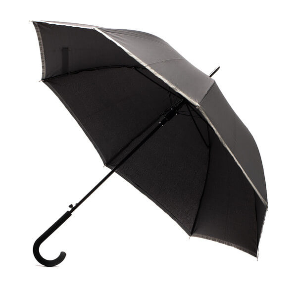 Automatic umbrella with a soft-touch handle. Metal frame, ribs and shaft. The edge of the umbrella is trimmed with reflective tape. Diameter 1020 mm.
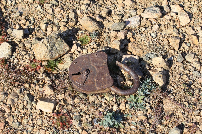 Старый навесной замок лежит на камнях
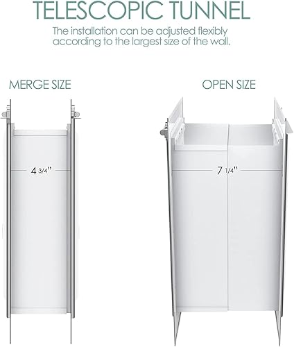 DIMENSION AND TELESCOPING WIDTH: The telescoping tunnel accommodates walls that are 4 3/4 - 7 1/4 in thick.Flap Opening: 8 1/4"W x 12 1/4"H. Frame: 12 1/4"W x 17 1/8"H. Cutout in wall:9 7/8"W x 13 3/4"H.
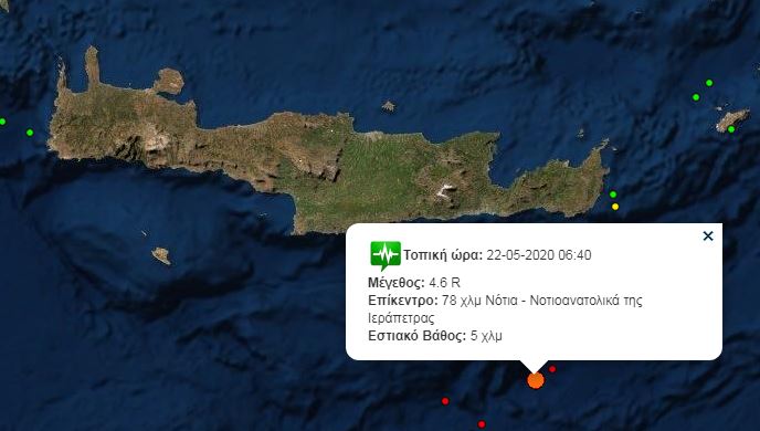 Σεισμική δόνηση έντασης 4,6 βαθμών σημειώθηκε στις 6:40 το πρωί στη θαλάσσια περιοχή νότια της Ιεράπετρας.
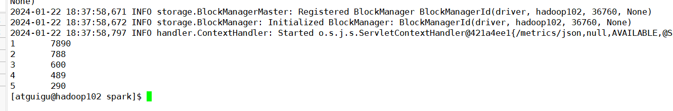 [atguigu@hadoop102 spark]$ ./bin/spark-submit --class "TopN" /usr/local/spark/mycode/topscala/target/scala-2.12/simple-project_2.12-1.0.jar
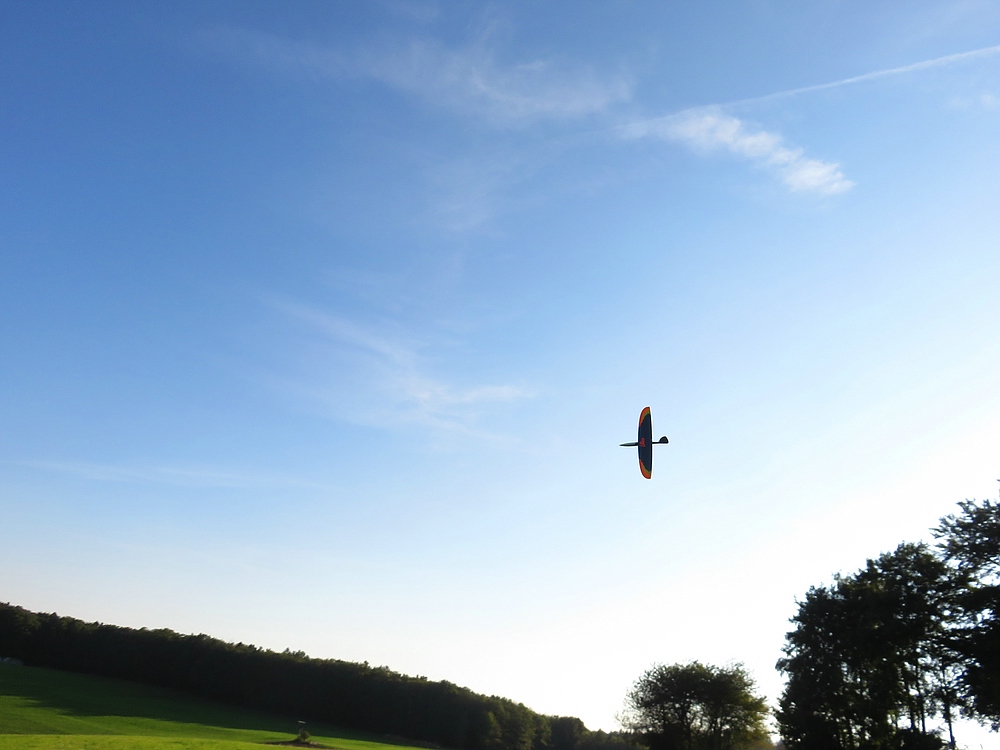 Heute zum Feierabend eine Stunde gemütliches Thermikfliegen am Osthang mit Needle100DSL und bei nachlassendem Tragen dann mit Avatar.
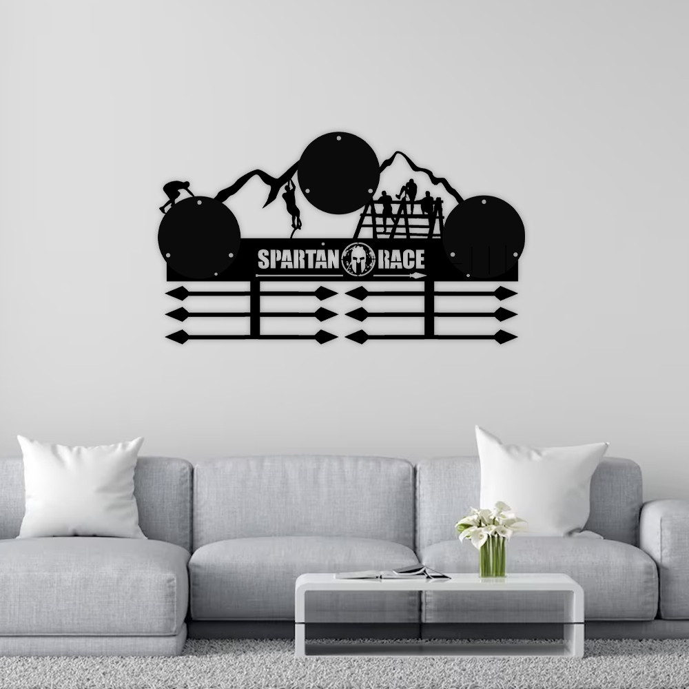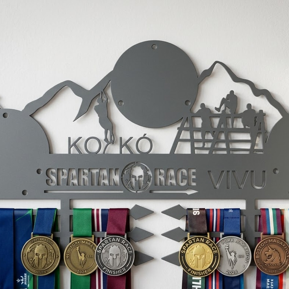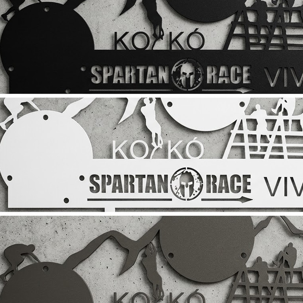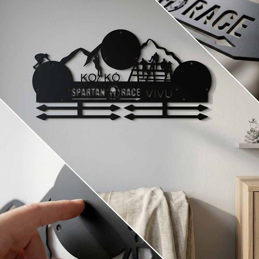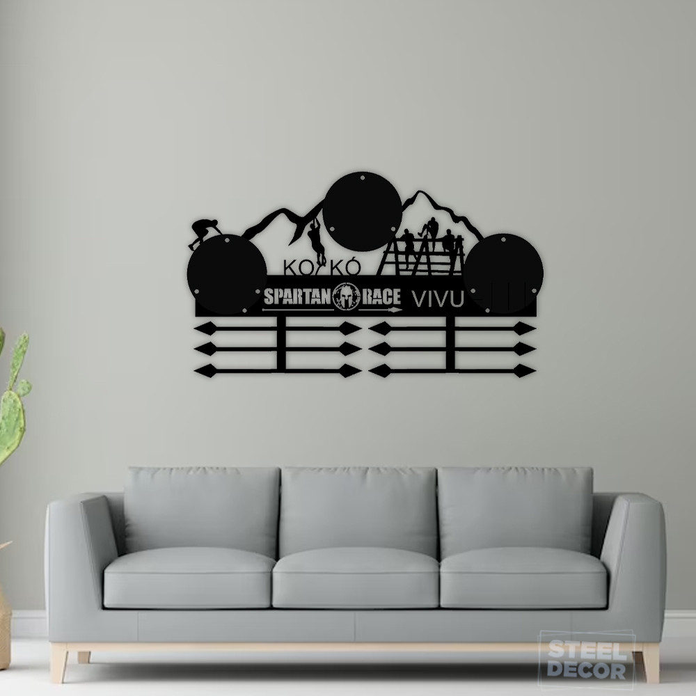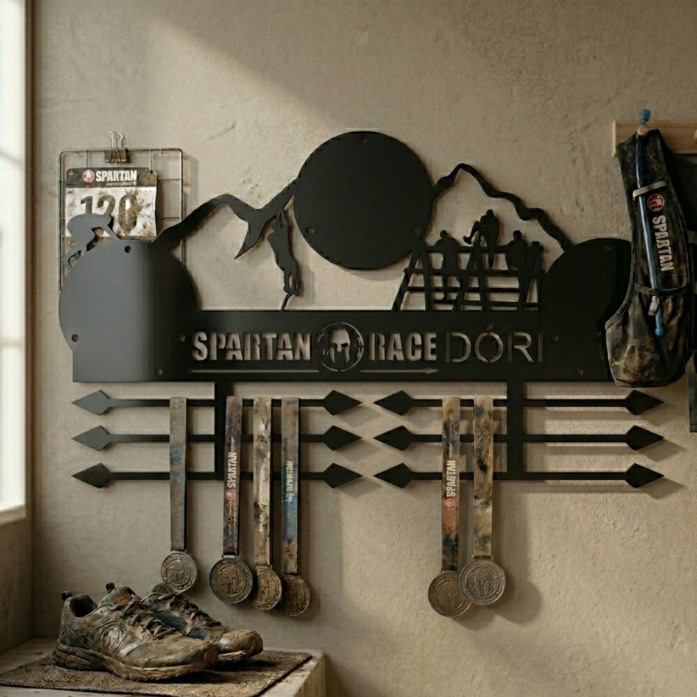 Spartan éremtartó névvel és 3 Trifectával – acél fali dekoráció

★ ★ ★ ★ ★ ★ ★

Task brief
Omit the pictures and print again exactly the lines from the one with "DIMENSION AND TELESCOPING" through the final line of the entries, both ends included.

Response box
 DIMENSION AND TELESCOPING WIDTH: The telescoping tunnel accommodates walls that are 4 3/4 - 7 1/4 in thick.Flap Opening: 8 1/4"W x 12 1/4"H. Frame: 12 1/4"W x 17 1/8"H. Cutout in wall:9 7/8"W x 13 3/4"H.
 Σεισμική δόνηση έντασης 4,6 βαθμών σημειώθηκε στις 6:40 το πρωί στη θαλάσσια περιοχή νότια της Ιεράπετρας.
 [atguigu@hadoop102 spark]$ ./bin/spark-submit --class "TopN" /usr/local/spark/mycode/topscala/target/scala-2.12/simple-project_2.12-1.0.jar
 Heute zum Feierabend eine Stunde gemütliches Thermikfliegen am Osthang mit Needle100DSL und bei nachlassendem Tragen dann mit Avatar.
 Spartan éremtartó névvel és 3 Trifectával – acél fali dekoráció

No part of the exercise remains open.